Restaurant and Lodging Association Kicks Headquarters Hotel

The Oregon Restaurant and Lodging Association raised concerns today about the 600-room headquarters hotel Metro President Tom Hughes is proposing to build next to the Oregon Convention Center. ORLA is one the state's largest and best-financed trade associations,

Metro, which operates the convention center, has already approved a $198 million hotel deal, which includes about $80 million in public money. Because the city of Portland and Multnomah County are partners with Metro in the 11.5 percent hotel tax visitors pay, all three governments must approve the deal.

City council will hold its first hearing on the deal tomorrow and Multnomah County takes it up on Thursday.

Today Bill Perry, ORLA's vice president of government affairs, wrote (PDF) to Mayor Charlie Hales and County Chairwoman Marissa Madrigal.

Perry expressed support for the idea that the convention center needs a hotel to succeed and that the hotel will help generate additional tourist spending but he objected to the way the deal has been structured and pitched.

"I do not believe this proposal has been presented to the public in an honest fashion," Perry wrote. "I do not believe there is a headquarters hotel in our region that has ever met the governments prediction of the revenue projected before construction.  I don't believe this project will either."

Perry also expressed concerns about three specific parts of the deal:

1. Like downtown hoteliers, he says he worries that when there are no conventions in town the hotel, which is to be operated by Hyatt, will have an incentive to discount rooms and undercut other Portland hotels. "Unless the language is very specific about prohibiting the Hotel from selling rooms as a lower rate, I doubt the process can be very effective," Perry writes.

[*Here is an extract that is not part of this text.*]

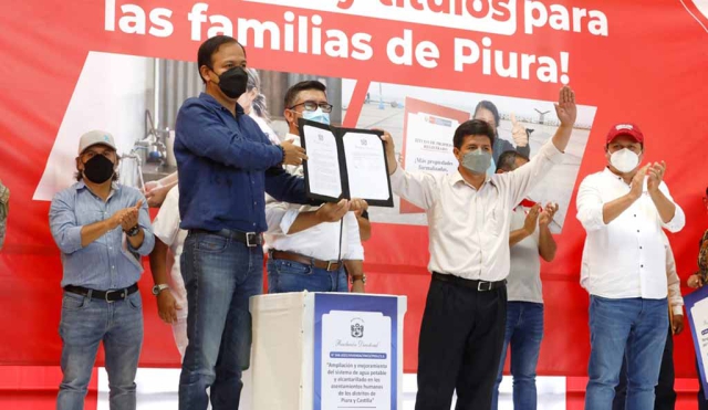 “No hemos venido acá sin otro afán que no sea servir al país. No podía dar la espalda a este pueblo que clama por agua potable y alcantarillado. Por eso hoy damos un punto de partida para sacar adelante este proyecto a favor de los asentamientos humanos de Piura y Castilla”, destacó el presidente Pedro Castillo.
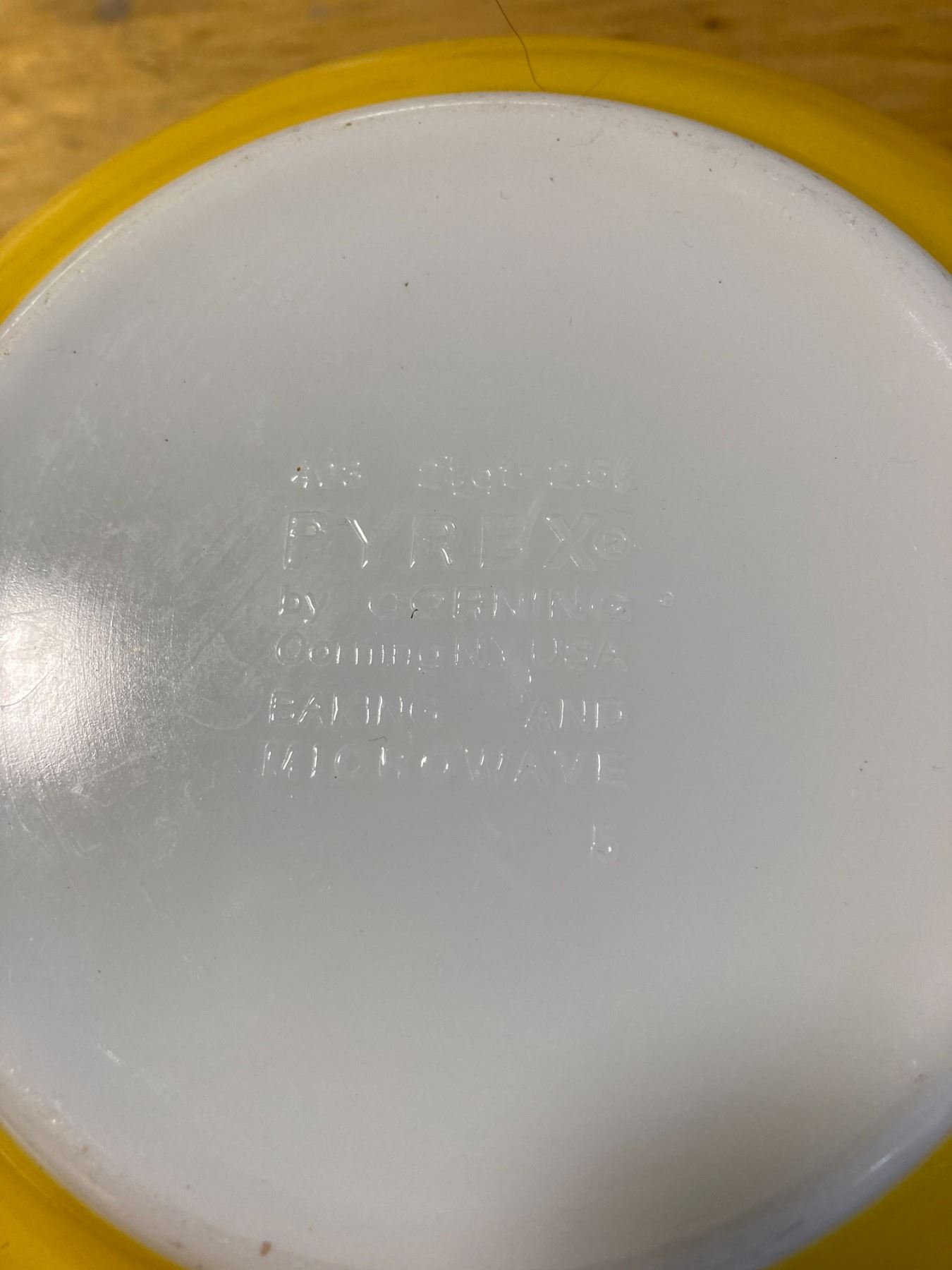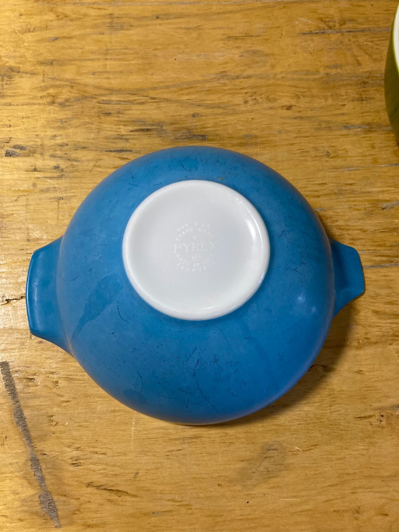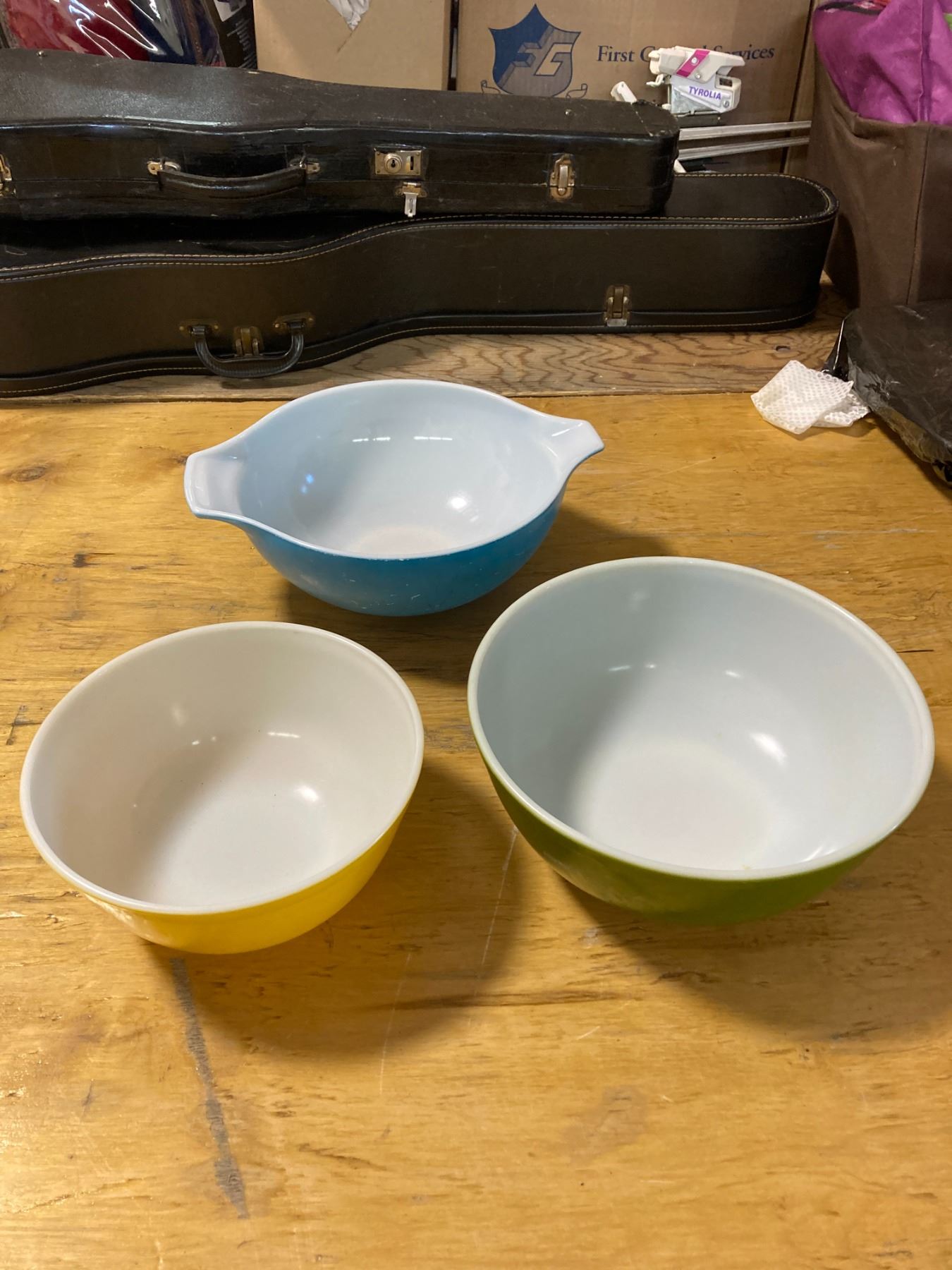 3 LARGE PYREX BOWLS YELLOW GREEN AND BLUE

2. Perry is not buying Metro's projections that the 600 room hotel will create 900 permanent jobs. "The employment numbers are inflated," he writes, saying that most big hotels try to keep headcount to half an employee per room. "Therefor the Convention Center Hotel will likely need to employ less than 300 people to make the hotel profitable."


3. Finally, Perry objects to the financial structure which calls for tourism taxes collected at other hotels to cover any losses at the Hyatt. "If you do not meet the 'conservative' projections as they have been characterize, then the hotel should cover those losses," Perry writes.